--- MATERIAL PROVIDED Enclosed Below ---

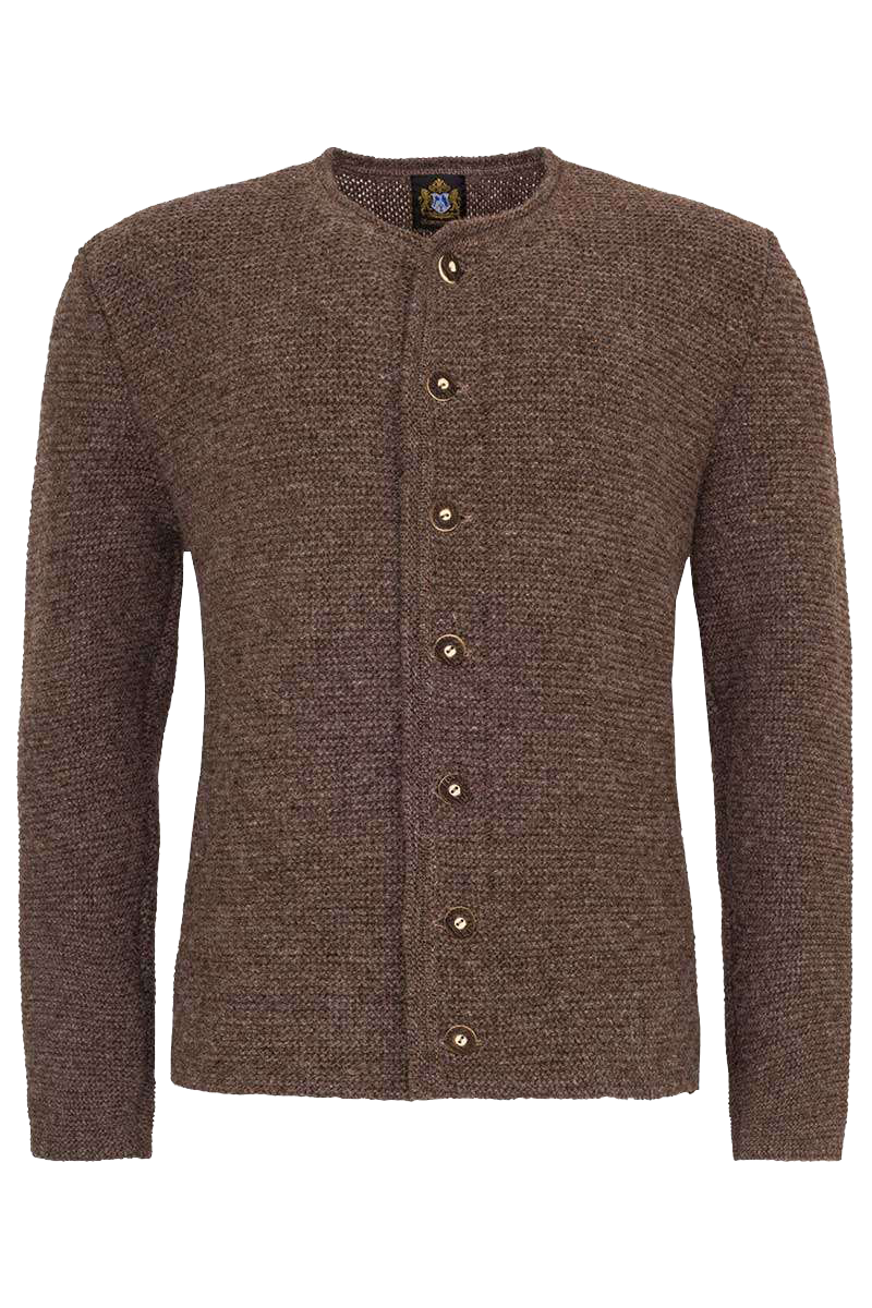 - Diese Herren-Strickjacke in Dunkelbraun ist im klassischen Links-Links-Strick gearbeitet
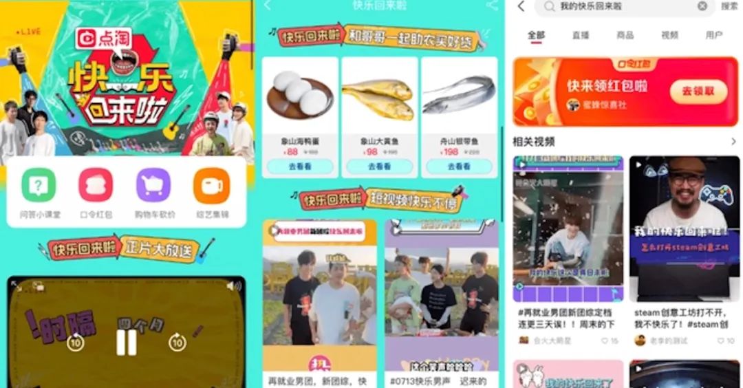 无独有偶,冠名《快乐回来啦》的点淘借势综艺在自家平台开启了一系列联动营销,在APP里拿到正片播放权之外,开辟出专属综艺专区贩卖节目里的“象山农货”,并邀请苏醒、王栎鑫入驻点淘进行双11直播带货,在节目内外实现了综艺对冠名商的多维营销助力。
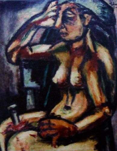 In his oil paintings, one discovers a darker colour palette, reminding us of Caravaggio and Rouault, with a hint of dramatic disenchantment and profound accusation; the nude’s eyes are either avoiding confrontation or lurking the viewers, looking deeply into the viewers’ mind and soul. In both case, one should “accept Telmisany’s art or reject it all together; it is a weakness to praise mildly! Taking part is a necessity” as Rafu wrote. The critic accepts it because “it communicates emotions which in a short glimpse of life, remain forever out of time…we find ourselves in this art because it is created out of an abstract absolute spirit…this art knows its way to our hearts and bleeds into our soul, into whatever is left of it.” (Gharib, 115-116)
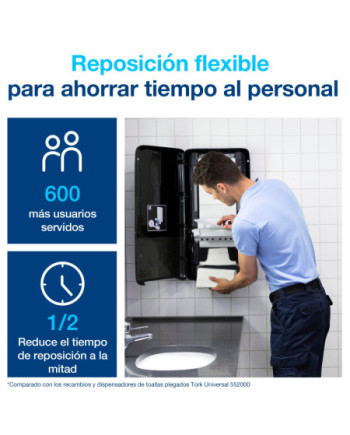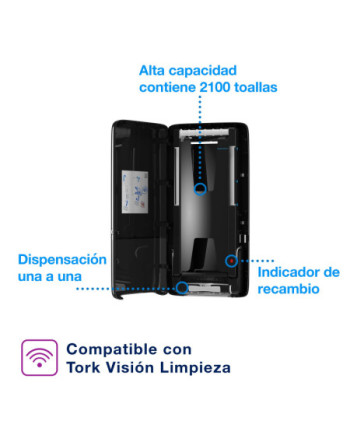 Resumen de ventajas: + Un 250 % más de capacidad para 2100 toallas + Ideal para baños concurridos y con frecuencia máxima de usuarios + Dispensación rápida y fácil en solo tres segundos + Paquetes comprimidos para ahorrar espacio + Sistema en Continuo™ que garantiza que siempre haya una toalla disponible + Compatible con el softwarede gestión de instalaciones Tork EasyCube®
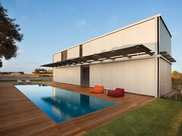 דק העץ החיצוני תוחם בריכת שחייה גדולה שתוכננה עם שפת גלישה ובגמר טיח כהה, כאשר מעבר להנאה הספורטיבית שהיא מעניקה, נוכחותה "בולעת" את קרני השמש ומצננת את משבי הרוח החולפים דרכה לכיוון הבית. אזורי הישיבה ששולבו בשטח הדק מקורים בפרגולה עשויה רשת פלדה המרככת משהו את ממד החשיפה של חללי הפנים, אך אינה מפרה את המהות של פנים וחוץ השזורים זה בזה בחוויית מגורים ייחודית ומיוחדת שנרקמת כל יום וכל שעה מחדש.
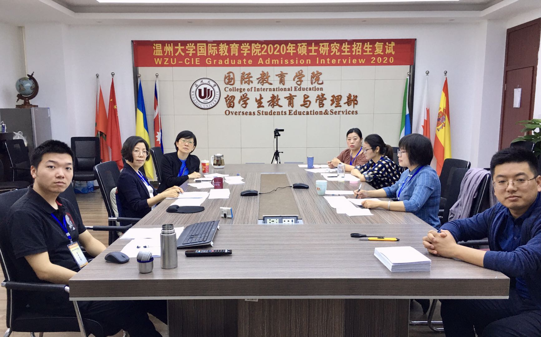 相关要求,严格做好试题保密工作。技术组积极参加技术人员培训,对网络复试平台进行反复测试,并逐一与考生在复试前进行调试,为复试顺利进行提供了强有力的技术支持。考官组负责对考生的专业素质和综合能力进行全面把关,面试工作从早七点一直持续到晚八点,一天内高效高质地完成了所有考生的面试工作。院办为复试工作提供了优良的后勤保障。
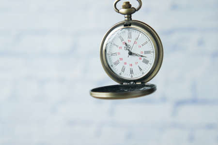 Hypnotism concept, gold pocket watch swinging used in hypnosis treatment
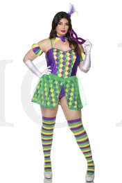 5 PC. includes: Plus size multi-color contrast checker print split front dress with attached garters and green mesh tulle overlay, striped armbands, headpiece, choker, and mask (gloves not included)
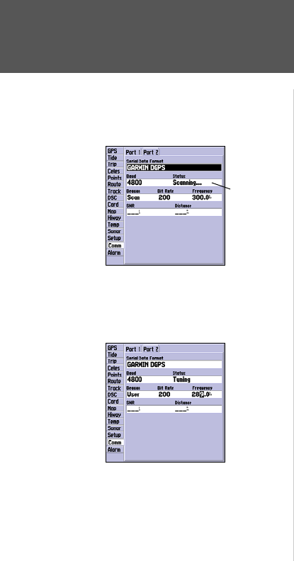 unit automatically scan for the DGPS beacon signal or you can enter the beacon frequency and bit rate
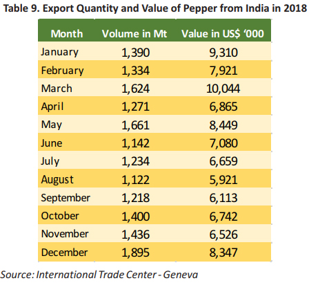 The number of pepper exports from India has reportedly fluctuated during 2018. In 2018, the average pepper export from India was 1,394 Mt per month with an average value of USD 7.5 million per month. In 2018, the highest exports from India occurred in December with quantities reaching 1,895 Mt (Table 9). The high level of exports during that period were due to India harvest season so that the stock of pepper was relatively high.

--- End of Enclosed MATERIAL PROVIDED ---

Every entry is to be transcribed exactly, but the pictures are to be left out.

◆ **SOLUTION**
 - Diese Herren-Strickjacke in Dunkelbraun ist im klassischen Links-Links-Strick gearbeitet
 无独有偶,冠名《快乐回来啦》的点淘借势综艺在自家平台开启了一系列联动营销,在APP里拿到正片播放权之外,开辟出专属综艺专区贩卖节目里的“象山农货”,并邀请苏醒、王栎鑫入驻点淘进行双11直播带货,在节目内外实现了综艺对冠名商的多维营销助力。
 In his oil paintings, one discovers a darker colour palette, reminding us of Caravaggio and Rouault, with a hint of dramatic disenchantment and profound accusation; the nude’s eyes are either avoiding confrontation or lurking the viewers, looking deeply into the viewers’ mind and soul. In both case, one should “accept Telmisany’s art or reject it all together; it is a weakness to praise mildly! Taking part is a necessity” as Rafu wrote. The critic accepts it because “it communicates emotions which in a short glimpse of life, remain forever out of time…we find ourselves in this art because it is created out of an abstract absolute spirit…this art knows its way to our hearts and bleeds into our soul, into whatever is left of it.” (Gharib, 115-116)
 Resumen de ventajas: + Un 250 % más de capacidad para 2100 toallas + Ideal para baños concurridos y con frecuencia máxima de usuarios + Dispensación rápida y fácil en solo tres segundos + Paquetes comprimidos para ahorrar espacio + Sistema en Continuo™ que garantiza que siempre haya una toalla disponible + Compatible con el softwarede gestión de instalaciones Tork EasyCube®
 דק העץ החיצוני תוחם בריכת שחייה גדולה שתוכננה עם שפת גלישה ובגמר טיח כהה, כאשר מעבר להנאה הספורטיבית שהיא מעניקה, נוכחותה "בולעת" את קרני השמש ומצננת את משבי הרוח החולפים דרכה לכיוון הבית. אזורי הישיבה ששולבו בשטח הדק מקורים בפרגולה עשויה רשת פלדה המרככת משהו את ממד החשיפה של חללי הפנים, אך אינה מפרה את המהות של פנים וחוץ השזורים זה בזה בחוויית מגורים ייחודית ומיוחדת שנרקמת כל יום וכל שעה מחדש.
 相关要求,严格做好试题保密工作。技术组积极参加技术人员培训,对网络复试平台进行反复测试,并逐一与考生在复试前进行调试,为复试顺利进行提供了强有力的技术支持。考官组负责对考生的专业素质和综合能力进行全面把关,面试工作从早七点一直持续到晚八点,一天内高效高质地完成了所有考生的面试工作。院办为复试工作提供了优良的后勤保障。
 Hypnotism concept, gold pocket watch swinging used in hypnosis treatment
 5 PC. includes: Plus size multi-color contrast checker print split front dress with attached garters and green mesh tulle overlay, striped armbands, headpiece, choker, and mask (gloves not included)
 unit automatically scan for the DGPS beacon signal or you can enter the beacon frequency and bit rate
 The number of pepper exports from India has reportedly fluctuated during 2018. In 2018, the average pepper export from India was 1,394 Mt per month with an average value of USD 7.5 million per month. In 2018, the highest exports from India occurred in December with quantities reaching 1,895 Mt (Table 9). The high level of exports during that period were due to India harvest season so that the stock of pepper was relatively high.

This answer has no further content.